Ce sirventes se rapporte à la révolte de 1242. Il nous dit les espérances que le patriotisme méridional mit alors en Raymond VII, & surtout l'indignation que soulevèrent ceux qui ne vinrent pas à son aide. (Cf. Introduction, L'œuvre de Montanhagol.) Le poète se réjouit de la guerre qui vient d'éclater. Il admire le vaillant comte de Toulouse & l'engage à se souvenir de ceux qui l'ont trahi. Plusieurs ont fait défection & ils auront à s'en repentir; le roi d'Aragon a manqué à ses promesses & s'est déshonoré aux yeux du monde; les Anglais, enfin, restent inactifs & sont menacés de perdre tout ce qu'ils possèdent en France.

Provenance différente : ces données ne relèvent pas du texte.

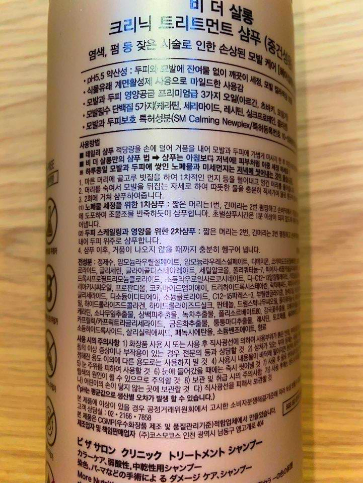 샴푸 용기의 뒷면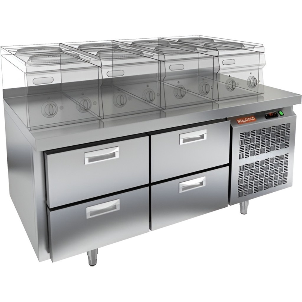 Каталог оборудования Холодильное оборудованиеСтолы охлаждаемыеСтолы холодильные под тепловое оборудованиеСтол охлаждаемый HiCold SN 22/TN LT О под тепловое оборудование Стол охлаждаемый HiCold SN 22/TN LT О под тепловое оборудование Код товара: 065-539 Поделиться: WhatsAppTelegram СравнитьДобавить в КПВ избранное 0 172 162 ₽ В корзину 0 шт Под заказСамовывоз сегодня бесплатно Взять в кредит Купить в лизинг Получить консультацию в WhatsApp Описание Характеристики Отзывы 0 Инструкции 2 Стол охлаждаемый HiCold SN 22/TN LT О под тепловое оборудование предназначен для обработки ингредиентов и временного хранения скоропортящихся продуктов и напитков на предприятиях общественного питания и торговли. Устройство совмещает функции рабочей поверхности и холодильной камеры. Столешница рассчитана на установку теплового оборудования: под рабочей поверхностью встроен ДСП-лист, который укрепляет конструкцию и препятствует проникновению тепла внутрь. Такое решение обеспечивает дополнительную жесткость, позволяет рационально использовать рабочее пространство и повышает эффективность работы на кухне. Внимание! На фото показан стол с бортом. Данная модель поставляется без борта. Особенности: 4 выдвижных ящика — обеспечивают удобный доступ к продуктам и инвентарю Автоматические доводчики дверей с фиксатором открытого положения повышают эргономику и способствуют сохранению холода. Легкозаменяемые магнитные уплотнители обеспечивают плотное прилегание дверей и лёгкость в обслуживании. Открытая агрегатная часть упрощает доступ к компрессору при техническом обслуживании. Регулируемые по высоте ножки позволяют установить стол на неровной поверхности. Столешница без борта, толщина 50 мм — увеличенная рабочая площадь, устойчивая к нагрузкам и механическому воздействию. Толщина теплоизоляции — 50 мм способствует энергоэффективности и стабильному температурному режиму. HiCold SN 22/TN LT О — это надёжное и удобное оборудование, сочетающее охлаждение и рабочее пространство. Благодаря продуманной конструкции и совместимости с гастроемкостями GN 1/1, стол станет практичным решением для кухни любого профессионального уровня.Изображение товара, представленного на фото, может отличаться от его фактического вида. Показать все Габаритные размеры1390×600×675 ммДиапазон рабочей температурыот -2 до +10 °CМатериал столешницыНержавеющая Расположение агрегатаБоковое Объём220 лТип столаС ящиками Количество ящиков4 штРазмер полки530×325 ммНапряжение220 ВМощность0,22 кВтТип охлажденияДинамический Тип оттайкиАвтоматическая СтолешницаБез борта Габариты в упаковке1550×750×850 ммВес нетто125 кгВес брутто147 кгБрендHicold Оставить отзыв Еще никто не оставил отзыв на этот товар Паспорт на HICOLD SN 22TN LT О.pdfДекларация о соответствии.pdf Похожие товары Перейти в каталог В наличии 77 661 ₽ Стол холодильный среднетемпературный HiCold GN 11/TN W Под заказ 125 670 ₽ Стол холодильный среднетемпературный Abat СХС-70-01 с бортом (дверь, дверь) С этим товаром покупают В наличии 201 690 ₽ Шкаф морозильный Полюс Carboma F1400 В наличии 195 030 ₽ Плита индукционная Аbat КИП-47Н

La pièce est écrite pendant la lutte même, & les allusions qu'elle contient nous ont permis de la dater, presque avec certitude, des mois d'août et de septembre 1242. Cf. Introduction, La vie de Montanhagol.
* * *
La forme métrique en est calquée sur celle de la chanson d'Arnaut Daniel: Chanson doil mot son plan e prim. Elle en reproduit la disposition des vers, les rimes, &, ce qui n'est certainement pas le fait du hasard, trente & une fois sur cinquante (rimes finales ou rimes intérieures), le mot qui est à la rime dans la pièce de Montanhagol s'y trouve dans celle d'Arnaut Daniel. La seule différence entre les deux, c'est que la chanson de ce dernier est construite en coblas doblas, les strophes rimant de deux en deux, au lieu que les cinq strophes de notre sirventes sont unissonans. Quant à la strophe elle-même, Maus (op. cit., p. 99, n° 73) la décomposait en:
8a 8a 4a 4b 4b 6c 4d 4d 6c
formule assez curieuse & dont il ne relevait pas d'autre exemple en dehors de la pièce de Arnaut Daniel. Mais il nous paraît préférable de reconnaître dans le troisième vers de chaque strophe, comme dans les pièces VII & IX, un vers empeutatz de huit syllabes (4 + 4), dont la première partie rime avec la fin du vers précédent. (Cf. Leys d'Amors, I, 122 & 126.) Par là, nous ramenons la strophe à:
8a 8a 8b 4b 6c 4d 4d 6c
formule plus simple dont, il est vrai, Maus (op. cit., p. 102, n° 171) ne donne qu'un exemple en vers de sept syllabes, mais qui est un des trois systèmes de coblas crotz-caudadas mentionnés par les Leys. (I, 242-244.)